YOUR INSTRUCTIONS =>
When you copy the material below, keep every line exact and drop the pictures.

DATASET RECORDS =>
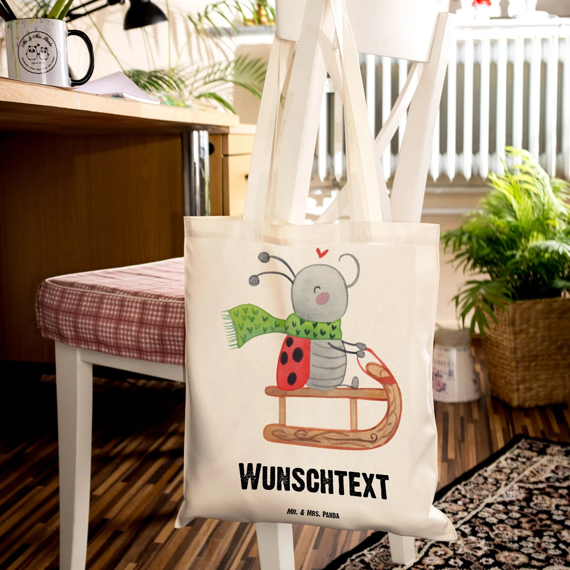 Mach die kalte Jahreszeit für deine Lieben noch schöner mit dieser liebevoll gestalteten und personalisierbaren Tragetasche. Außerdem ist das Motiv lebendig und lädt zum Träumen ein: Das kleine Herz über dem Marienkäfer strahlt Freude und Glück aus.
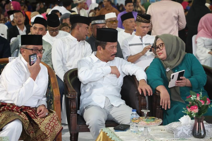 Wali Kota Batam/Kepala Badan Pengusahaan Batam H Muhammad Rudi (HMR), berbincang dengan Wakil Gubernur Kepulauan Riau Hj Marlin Agustina, didampingi Sekretaris Daerah Kota Batam H Jefridin, di sela menghadiri malam 1 Muharam 1445 H Kota Batam, Selasa (18/07/2023) lalu
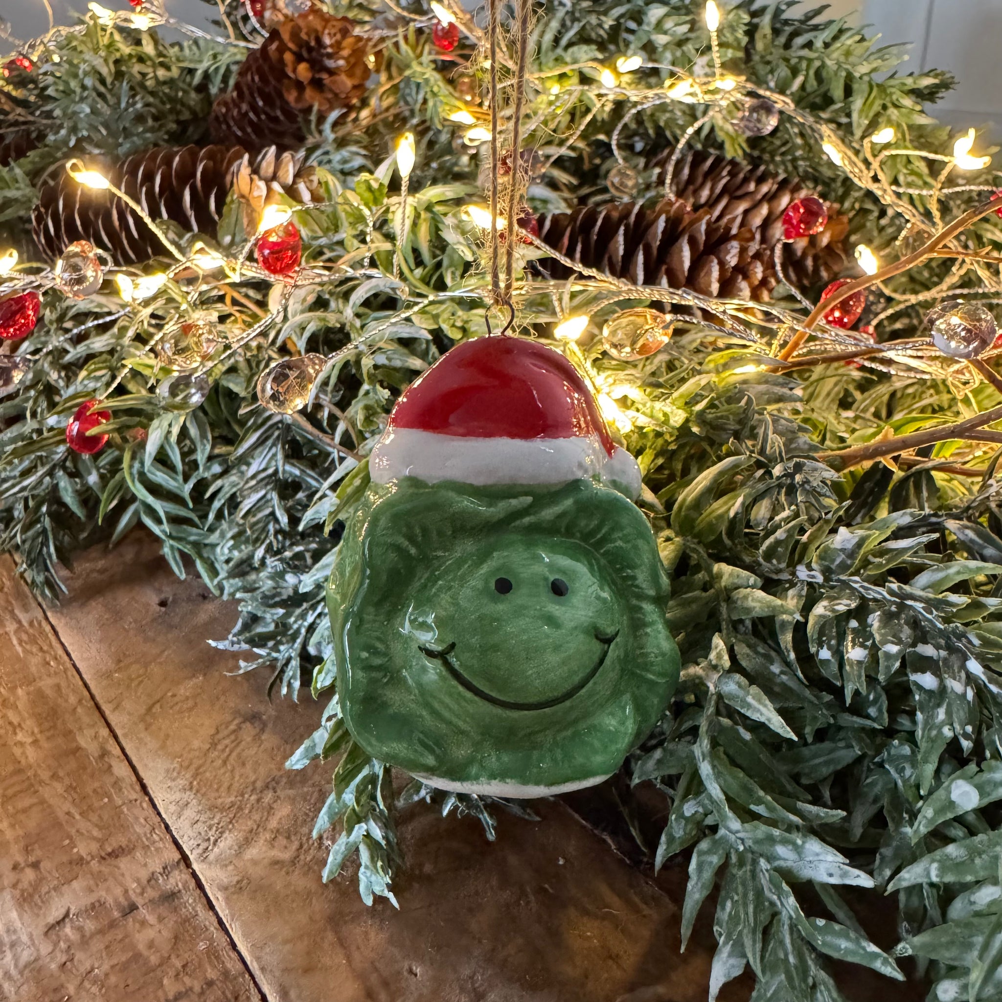 This family of fun hanging ceramic decorations keeps growing - can you spot the new ones? sprout, carrot, peas in pod, broccoli, cabbage, corn on the cob, parsnip, pig in blanket, potato, clive cranberry sauce, christmas cake, pudding...
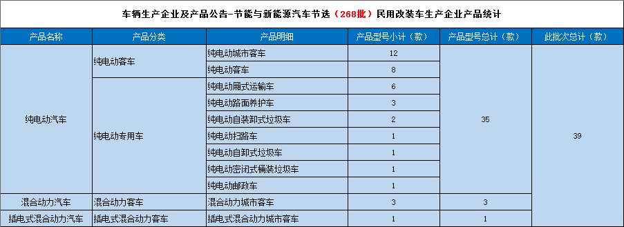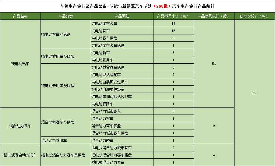 工业和信息化部于2015年1月16日发布《道路机动车辆生产企业及产品(第268批),节能与新能源汽车年鉴编制办公室统计如下:
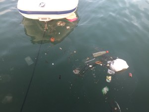 The water was truly disgusting – a miasma of plastic bottles, food wrappers and containers, chunks of polystyrene – even an old fridge! One yacht had two dead rats entangled in the propellor of their dinghy’s outboard motor.
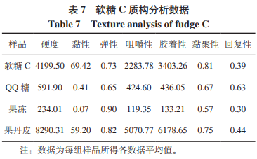 為直觀對比分析所得的質(zhì)構(gòu)特性數(shù)據(jù),除了樣品的測定以外,增加了對市售QQ糖、果凍(喜之郎)、果丹皮的質(zhì)構(gòu)特性測定,結(jié)果如表7。
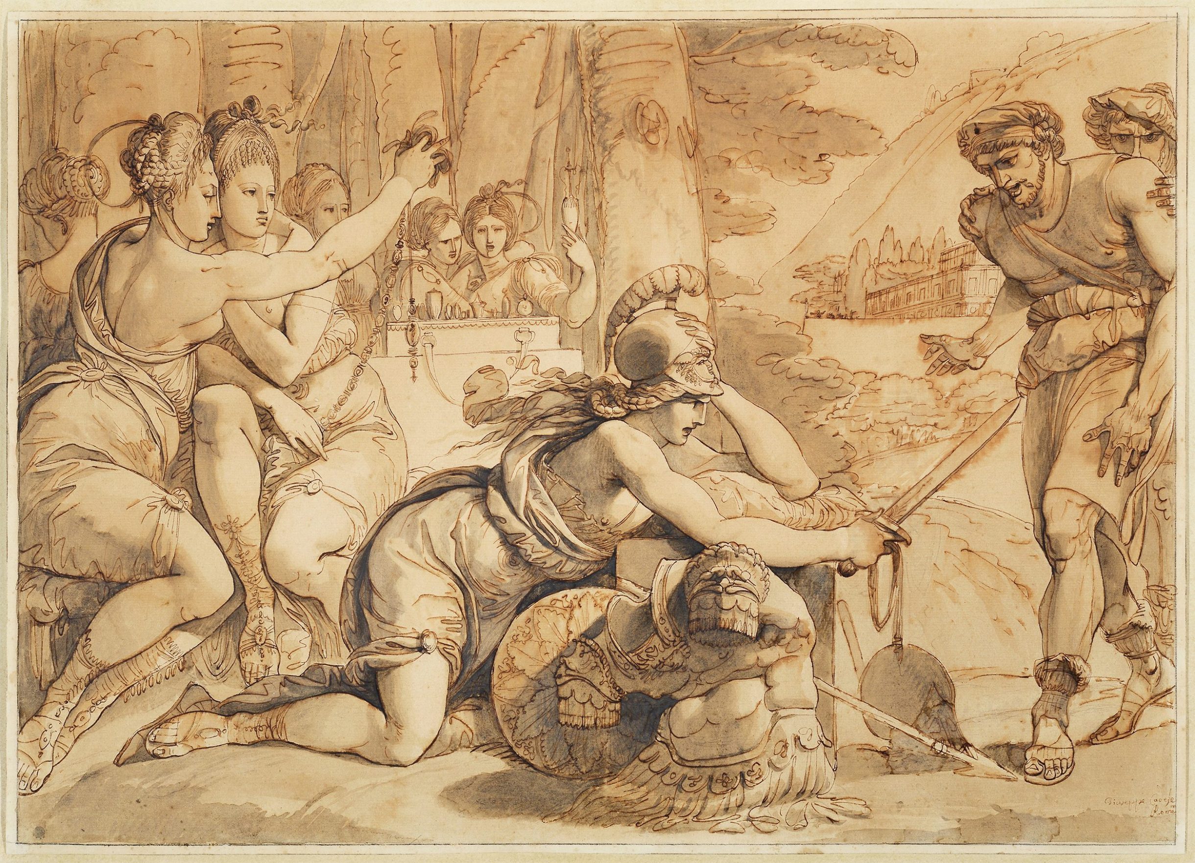 This highly finished drawing was intended as a collectible object in its own right and was originally part of a suite of pen-and-ink drawings, some heightened with white, depicting scenes from Greek history and Homer’s Iliad. Represented here is the moment when Achilles—disguised as a girl by his mother, Thetis, in order to protect him from meeting his death in the Trojan War—is tricked by Ulysses into revealing his true identity. Having found a sword and shield packed among a trousseau of more feminine gifts, Achilles instinctively grasps the weapons, unmasking himself to Ulysses, while the true daughters of Lycomedes contemplate the jewels and trinkets.

SOLUTION BELOW =>
 Mach die kalte Jahreszeit für deine Lieben noch schöner mit dieser liebevoll gestalteten und personalisierbaren Tragetasche. Außerdem ist das Motiv lebendig und lädt zum Träumen ein: Das kleine Herz über dem Marienkäfer strahlt Freude und Glück aus.
 Wali Kota Batam/Kepala Badan Pengusahaan Batam H Muhammad Rudi (HMR), berbincang dengan Wakil Gubernur Kepulauan Riau Hj Marlin Agustina, didampingi Sekretaris Daerah Kota Batam H Jefridin, di sela menghadiri malam 1 Muharam 1445 H Kota Batam, Selasa (18/07/2023) lalu
 This family of fun hanging ceramic decorations keeps growing - can you spot the new ones? sprout, carrot, peas in pod, broccoli, cabbage, corn on the cob, parsnip, pig in blanket, potato, clive cranberry sauce, christmas cake, pudding...
 工业和信息化部于2015年1月16日发布《道路机动车辆生产企业及产品(第268批),节能与新能源汽车年鉴编制办公室统计如下:
 The water was truly disgusting – a miasma of plastic bottles, food wrappers and containers, chunks of polystyrene – even an old fridge! One yacht had two dead rats entangled in the propellor of their dinghy’s outboard motor.
 為直觀對比分析所得的質(zhì)構(gòu)特性數(shù)據(jù),除了樣品的測定以外,增加了對市售QQ糖、果凍(喜之郎)、果丹皮的質(zhì)構(gòu)特性測定,結(jié)果如表7。
 This highly finished drawing was intended as a collectible object in its own right and was originally part of a suite of pen-and-ink drawings, some heightened with white, depicting scenes from Greek history and Homer’s Iliad. Represented here is the moment when Achilles—disguised as a girl by his mother, Thetis, in order to protect him from meeting his death in the Trojan War—is tricked by Ulysses into revealing his true identity. Having found a sword and shield packed among a trousseau of more feminine gifts, Achilles instinctively grasps the weapons, unmasking himself to Ulysses, while the true daughters of Lycomedes contemplate the jewels and trinkets.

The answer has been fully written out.